State Sen. Frank Antenori, a Republican who represents Tucson's eastside and Green Valley, called the transplant situation a "tragedy."

Antenori said that Republican lawmakers may be willing to restore the funding for transplants if the decision to cut that money was based on flawed data on survival rates from AHCCCS officials. But he says any action will have to wait until lawmakers return to work in January, because there are no plans for a special session before then.

But Antenori, who voted in favor of the cuts, said the underlying problem was that government was involved in the health-care industry, period.

"This is exactly why you don't want government in the health-care business," Antenori says. "If we had made health insurance really affordable and expanded competition so that it would come in line with the costs of car insurance, a lot of this wouldn't happen, because (patients) wouldn't have to go to some faceless, heartless, cold-blooded government bureaucrat to find out whether or not they can get a heart transplant. That's the real story that nobody wants to talk about. I honestly believe that this is cruel, and this is exactly what you get when you let the government make these decisions."

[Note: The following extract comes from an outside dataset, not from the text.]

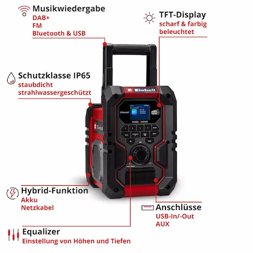 Das Einhell Akku-Radio TE-CR 18 DAB+/FM/BT überzeugt als vielseitiges und robustes akku-baustellenradio mit Hybrid-Betrieb, DAB+/FM-Empfang, Bluetooth, USB und X-Change-Kompatibilität. Dank IP65-Schutz, stoßfestem Gehäuse und intuitiver Bedienung eignet sich das Radio für anspruchsvolle Umgebungen wie Baustelle, Garten oder Haushalt. Die flexible Konnektivität, individuelle Klanggestaltung und praktische Zusatzfunktionen wie Wecker und USB-Ladefunktion bieten Komfort und Effizienz im Alltag. Damit adressiert das Einhell Akku-Radio TE-CR 18 DAB+/FM/BT gezielt die Anforderungen moderner Nutzerinnen und Nutzer, die Wert auf Mobilität, Langlebigkeit und einfache Integration in bestehende Techniklandschaften legen.

Antenori's comments were echoed by Tom Jenney, the Arizona director of Americans for Prosperity, who sent out a press release this week urging Arizona lawmakers to completely opt out of Medicaid for low-income Arizonans.

"The Medicaid opt-out would singlehandedly balance Arizona's state budget, make room for large pro-growth tax cuts, and strike a blow against the ObamaCare health-care takeover," Jenney wrote in his release.

But state Rep. Steve Farley, a Democrat who represents midtown Tucson, says that private insurance companies that don't have government mandates have no financial incentive to insure high-cost patients. He criticized Antenori for voting for the transplant-funding cuts.

"It's unfortunate that far-right-wing corporatist talking points are all we can get from somebody, instead of taking responsibility for a vote that he made to eliminate life-saving benefits from people who depend on them in Arizona."

For Flor Felix, the complicated politics are reduced to a hard truth.

"Day by day, I ask, 'How can this happen?'" she says. "Basically, if you have money, you can live. If you don't have money, you're gonna die."